Given the popularity of one aerosolized b-agonist, it might appear that contemporary aerosol therapy is exclusively concerned with bronchodilation. It is certainly true (and for good reason) that bronchodilators make up the lion’s share of drugs administered to patients via the aerosol route. They are, however, far from being the only agents that can be inhaled in particulate form. Barach et al1 first described the use of an aerosolized antibiotic for the treatment of a pulmonary infection as early as 1942. Since then, aerosol therapy using many different antimicrobial agents (such as gentamicin, carbenicillin, kanamycin, polymyxin, tobramycin, ribavirin, and pentamidine) has been reported, with varying degrees of success. Further, an even greater variety of nonantimicrobial agents have been aerosolized in recent years. This group has included various corticosteroids and other drugs such as amiloride, antiproteases, cyclosporine, heparin, insulin, morphine, prostacyclin, surfactant, and recombinant human DNase (rhDNase). Aerosolization of some of these drugs remains in the investigative stage at present, although inhaled insulin is nearly ready for commercial use and tobramycin and rhDNase are now commercial products (used primarily to treat cystic fibrosis). Other drugs will almost certainly become available for use as aerosols over the next few years.

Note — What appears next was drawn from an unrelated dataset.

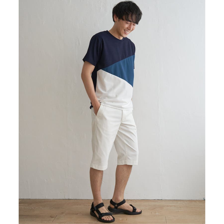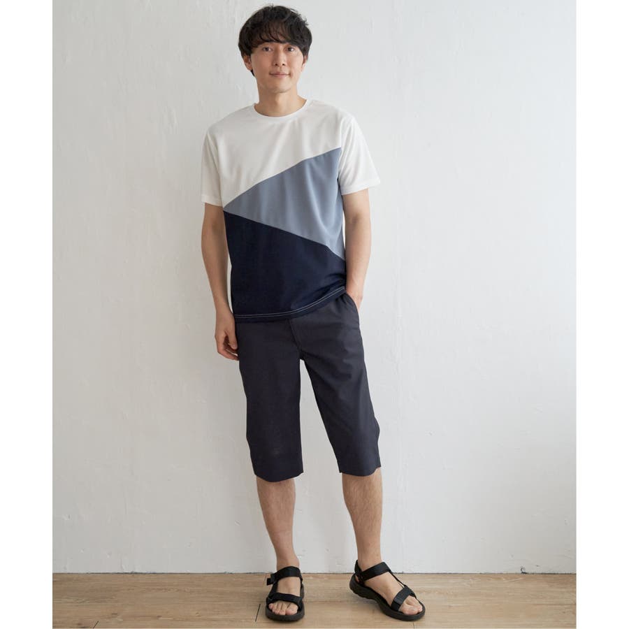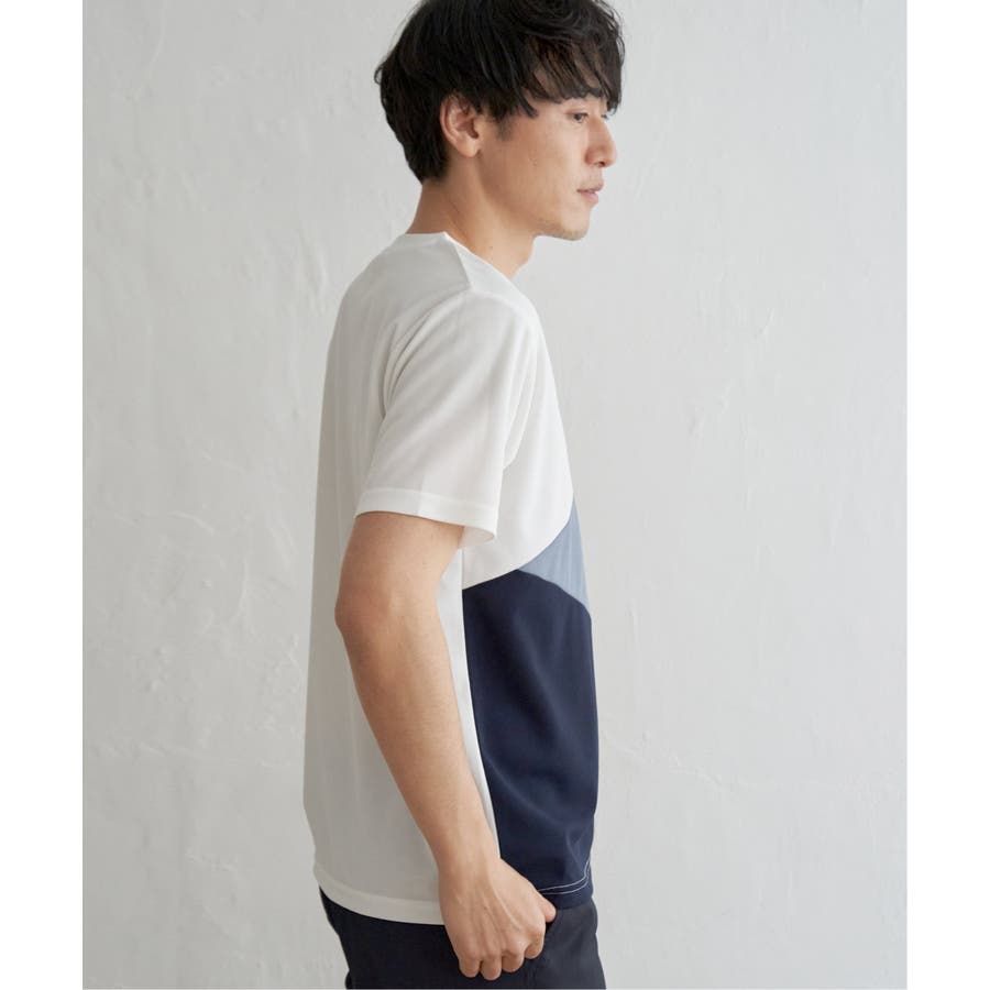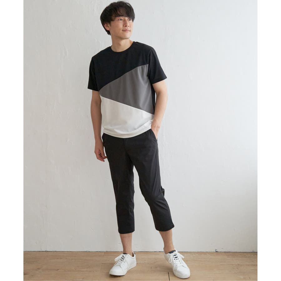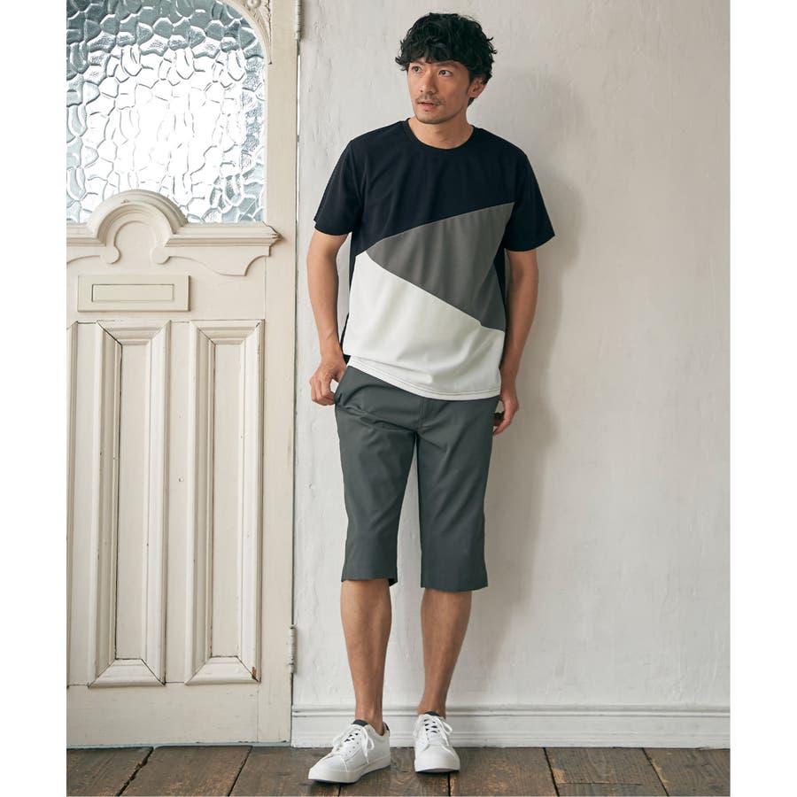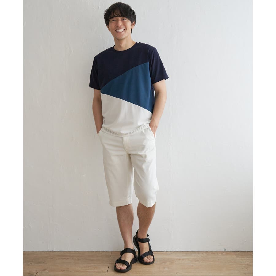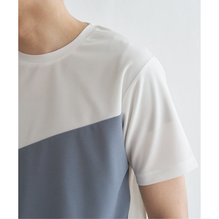 前身頃を3配色で斜めに切り替えた半袖Tシャツ。

One could argue that aerosolized bronchodilator administration is on autopilot. After all, it has evolved to become the epitome of routine therapy. User-friendly metered-dose inhalers (MDIs), dry-powder inhalers, and simple pneumatic small-volume nebulizers (SVNs) and air compressors have become ubiquitous. This type of aerosol therapy is being widely performed by RCPs, nurse practitioners, nurses, physicians, emergency medical personnel, school nurses, and physicians’ office assistants, not to mention patients and their families. This is good because the timely administration of aerosolized bronchodilators is a very significant factor in the successful treatment of asthma and related pulmonary conditions. The unfortunate aspect is the complacency that may have developed with respect to the technical requirements of aerosol therapy. Giving aerosol therapy looks too easy, but it may not always be as easy as it looks.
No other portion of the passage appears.